2...Px87+, 3. Sx87. Although White can promote their pawn and capture Black's pawn (obtaining 3 pawns in hand again), Black can simply capture the promoted pawn.

Furthermore, Black's advanced silver can always retreat back to the 78 square if White threatens with another pawn drop (3...P*86, 4. S-78).

If White does drop another pawn and Black captures it (3...P*86, 4. Sx86), then Black's silver offers no protection for the bishop from White's subsequent pawn drop. However, now the 79 square is free for the bishop to retreat to. White's pawn on 87 is not a threat.

If Black plays from here on without major errors, they should become the victor. (Note: For instance, if the game started with 1...P*86 2. S-78 Px87 3. Sx87 P*86 4. Sx86 P*87 5. B-79, a reasonable development could have Black pushing their central pawn with 6. P-56 allowing the bishop to promote with 7. B-13+.)

===Gold response ☗ 2. G-78===

2. G-78. Moving the gold to defend the bishop's head is a standard move in many Double Static Rook openings, such as Bishop Exchange, Double Wing Attack, or Side Pawn Capture. (Note: Defending the bishop's head in (even game) Double Static Rook openings with a silver is generally considered a poor move as a silver on 78 does not defend the bishop's 88 square. However, the silver is suitable for the Three Pawns handicap since White has no rook on the eighth file supporting their pawn drop tactics.) In the Three Pawns handicap, using the gold is slightly more complicated than using the silver (shown above).

2...Px87+, 3. Gx87. White's pawn promotes, and Black's gold recaptures.

3...P*86. White can then strike with another dangling pawn.

4. Gx86. Unlike the case with the silver defense, a gold cannot retreat and must move forward and capture the pawn.

4...P*85. White will try another a drop with a striking pawn (叩きの歩). The hope is White can lure Black's gold forward.

5. G-86. The correct response to the striking pawn is for the gold to retreat. After this, White's attack on the eighth file is exhausted.

If instead Black captures the striking pawn (5. Gx85?), the gold will be positioned on the 85 square and no longer able to defend the bishop's head, the 87 square, where White can drop their last pawn (5...P*87!) and capture Black's bishop on their next move (6...Px88+!).

Similar comments apply to the gold moving sideways to either the left (5. G-96?) or right (5. G-76?).

===Bishop diagonal ☗ 2. P-76===

2. P-76. Another possible but suboptimal move is to create an escape hatch for Black's bishop.

2...Px87+, 3. B-33+. Although White can promote their pawn, Black's bishop can escape to 33 and promote as well checking White's king.

After White resolves Black's check, White has a further chance to exchange pawns for more powerful pieces. For example, White can sacrifice a pawn (4...P*98, 5. Lx98) and then drop another pawn (5...P*88) in order to attack both Black's lance and knight allowing White to trade a pawn for a lance and possibly the other pawn for another piece.

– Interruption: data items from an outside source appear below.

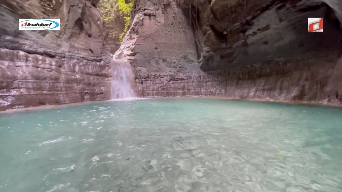 Goresan pada bebatuan cadas ini makin melengkapi keelokannya. Ada kolam yang jernih dengan airnya yang kebiruan. Air terjun ini seperti sebuah mangkok yang cuma berisi beberapa air.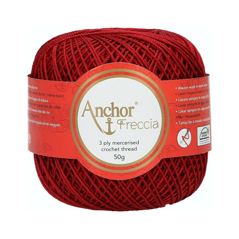 Anchor Freccia etiqueta 12 é um fios100% algodão egípcio de alta qualidade (certificado OEKO-TEX) de 3 cabos, oferecendo um equilíbrio delicado de suavidade, flexibilidade, corpo e luminosidade. Fácil de manusear com um desempenho fantástico, ideal para projetos delicados de crochet para decoração de casa, vestuário de moda e também vestuário para bebés.
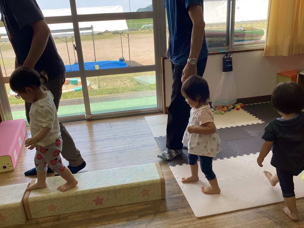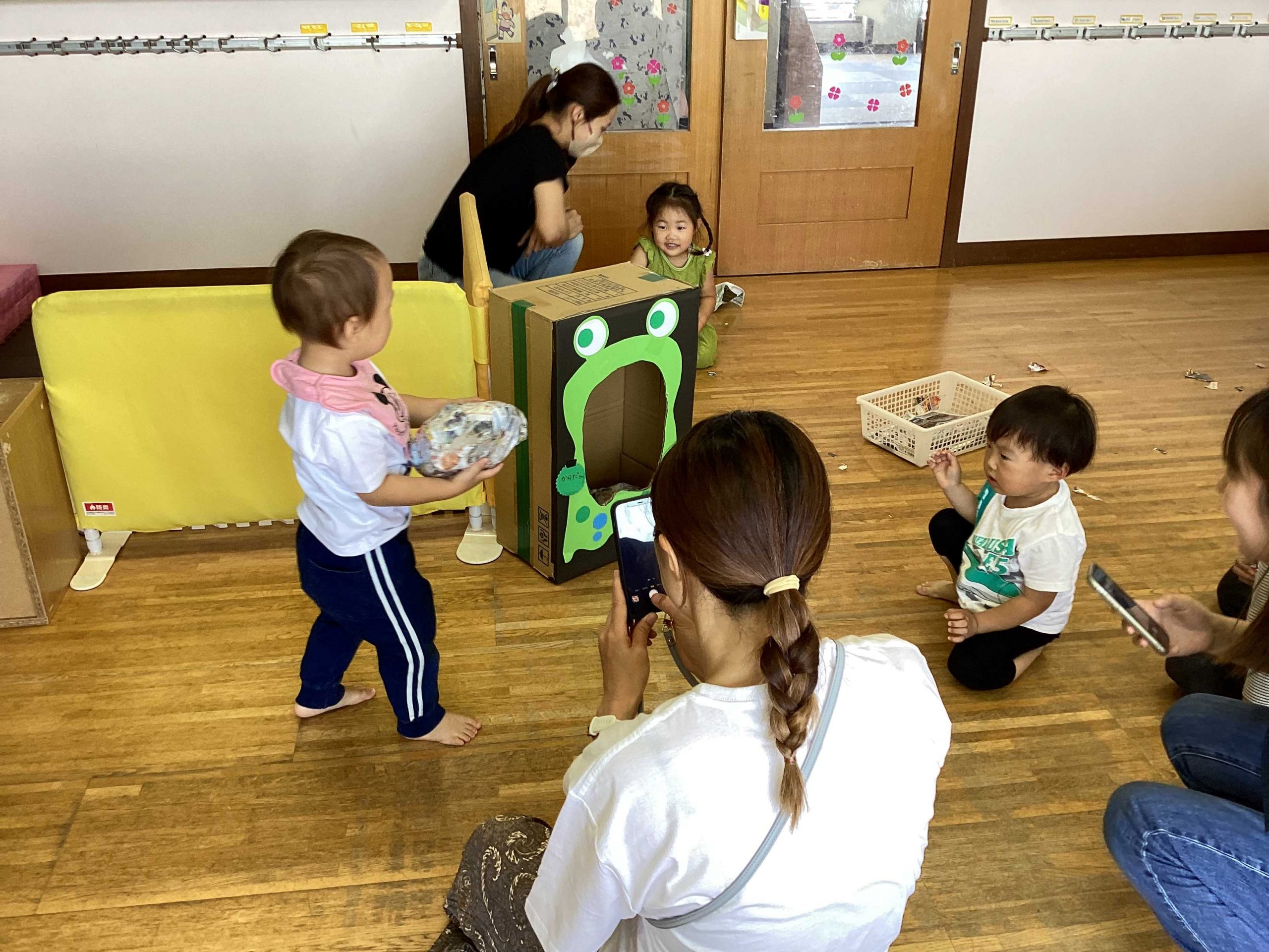 れもん組さんは、手遊びや大型絵本をみました。そのあとは、ふれあい遊び『親子で動物まねっこリレー』です。

Thus, although Black has saved one their most powerful pieces, opening up the bishop diagonal gives White more of an advantage compared with protecting the bishop's head with a silver or gold. Furthermore, the bishop's diagonal can always be opened after proper defense of the bishop's head.

===Blunder ☗ 2. Px86===

2. Px86? Black reflexively capturing White's pawn on 86 is a blunder. Although this captures White's pawn, it does not remove the threat to Black's bishop as the bishop's head is still vulnerable.

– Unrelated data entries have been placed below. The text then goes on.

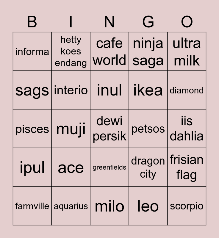 This bingo card has a free space and 24 words: ace, aquarius, inul, farmville, ultra milk, informa, sags, hetty koes endang, petsos, greenfields, ikea, pisces, dragon city, frisian flag, interio, leo, iis dahlia, cafe world, diamond, muji, scorpio, ipul, ninja saga and milo.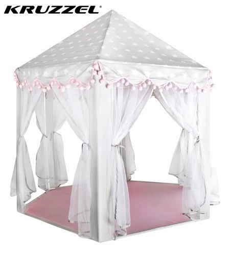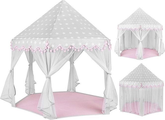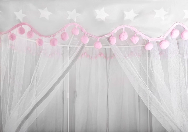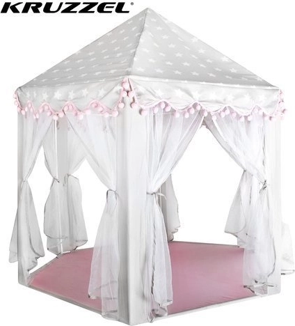Detský stan sivoružový Kruzzel so závesmi a pomponmi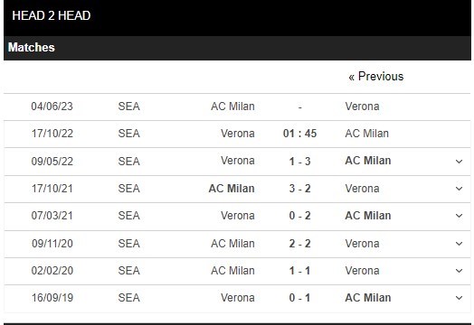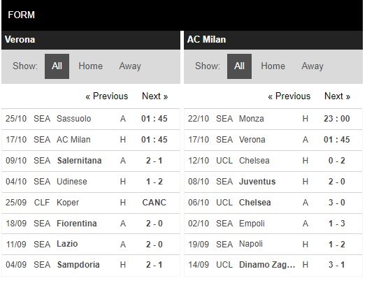 Ở 5 trận đấu gần đây giữa 2 đội, Verona đang là đội bóng có cho mình lợi thế với 2 lần vươn lên dẫn trước, 1 lần bị đối thủ của mình vượt mặt và 2 lần bất phân thắng bại sau 45 phút đầu tiên. Hàng thủ của Hellas Verona đang thi đấu vô cùng hớ hênh ở 45 phút đầu tiên với 3/5 trận đấu gần nhất không thể giữ sạch lưới. Trong khi đó, hàng công của AC Milan cũng đang gặp vấn đề lớn với 4/5 trận đấu gần nhất không thể khai thông thế bế tắc sau hiệp 1.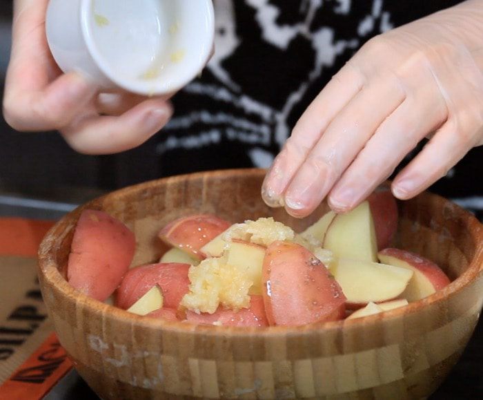 Разогреть духовку до 220°С. Нарезать картошку, если она большая или запекать целиком маленькую. Смешать чеснок, 1 ст. л. масла и картошку. Выложить на противень и запекать 15-20 минут.

2...P*87! White can now drop a pawn directly on the bishop's head. At this point, Black has no way to prevent White from capturing their bishop and dramatically improving White's chances.

This pawn drop on the bishop's head is a tactic that can be applied to real even game openings such as the Double Wing Attack opening if either Black or White does not appropriately defend their bishops' heads.